§ THE DATA
-- Opening Marker --

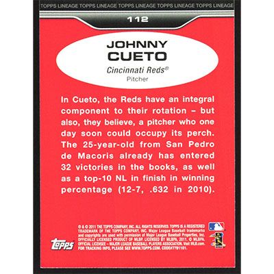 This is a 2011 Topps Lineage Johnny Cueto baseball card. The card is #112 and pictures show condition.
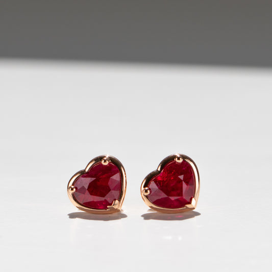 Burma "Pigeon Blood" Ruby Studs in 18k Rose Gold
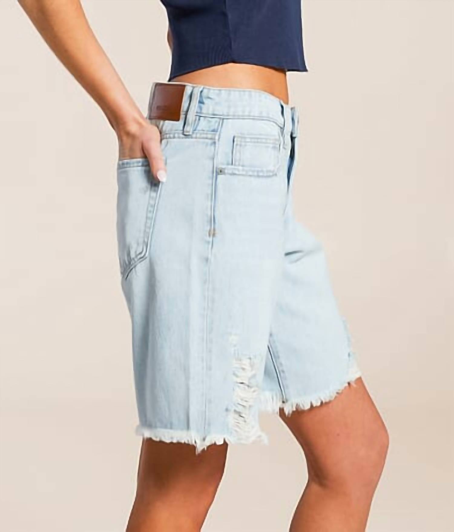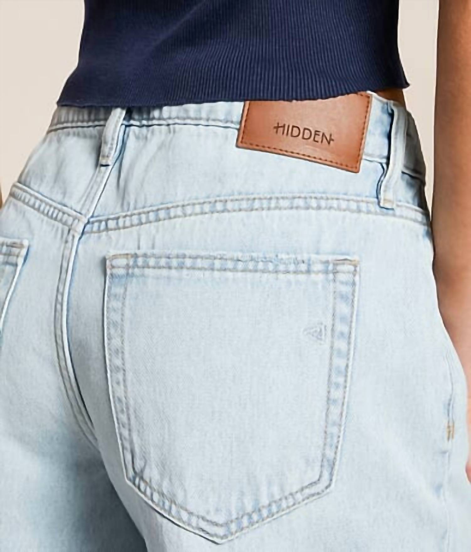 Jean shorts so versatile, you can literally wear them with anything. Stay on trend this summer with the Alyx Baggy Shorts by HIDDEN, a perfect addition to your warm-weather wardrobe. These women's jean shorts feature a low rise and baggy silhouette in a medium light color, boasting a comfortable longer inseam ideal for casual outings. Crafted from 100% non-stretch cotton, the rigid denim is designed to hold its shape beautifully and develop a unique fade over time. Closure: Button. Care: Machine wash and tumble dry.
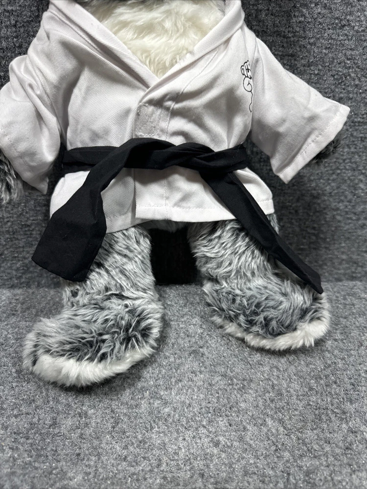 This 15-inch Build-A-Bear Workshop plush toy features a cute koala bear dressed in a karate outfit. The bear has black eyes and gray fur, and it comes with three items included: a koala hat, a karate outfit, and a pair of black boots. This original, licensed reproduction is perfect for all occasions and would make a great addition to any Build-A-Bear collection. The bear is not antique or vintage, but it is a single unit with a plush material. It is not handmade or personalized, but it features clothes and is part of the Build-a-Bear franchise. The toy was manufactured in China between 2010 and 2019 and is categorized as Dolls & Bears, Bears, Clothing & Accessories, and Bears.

-- Closing Marker --
-- Opening Marker --

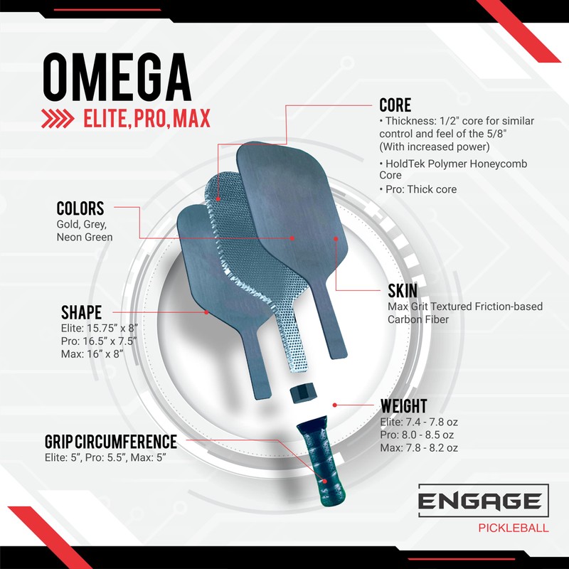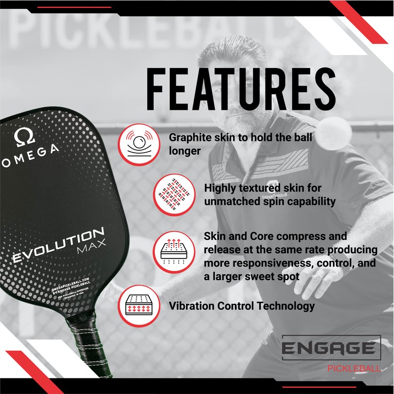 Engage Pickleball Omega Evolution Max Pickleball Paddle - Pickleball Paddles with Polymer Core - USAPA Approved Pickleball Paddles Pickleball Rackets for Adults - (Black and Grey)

-- Closing Marker --

§ EXERCISE BRIEF
Though the entries above contain pictures, none should be copied; reproduce only the lines between the one holding "This is a 2011" and the one holding "Jean shorts so", inclusive, exactly as written.

§ TASK OUTPUT
 This is a 2011 Topps Lineage Johnny Cueto baseball card. The card is #112 and pictures show condition.
 Burma "Pigeon Blood" Ruby Studs in 18k Rose Gold
 Jean shorts so versatile, you can literally wear them with anything. Stay on trend this summer with the Alyx Baggy Shorts by HIDDEN, a perfect addition to your warm-weather wardrobe. These women's jean shorts feature a low rise and baggy silhouette in a medium light color, boasting a comfortable longer inseam ideal for casual outings. Crafted from 100% non-stretch cotton, the rigid denim is designed to hold its shape beautifully and develop a unique fade over time. Closure: Button. Care: Machine wash and tumble dry.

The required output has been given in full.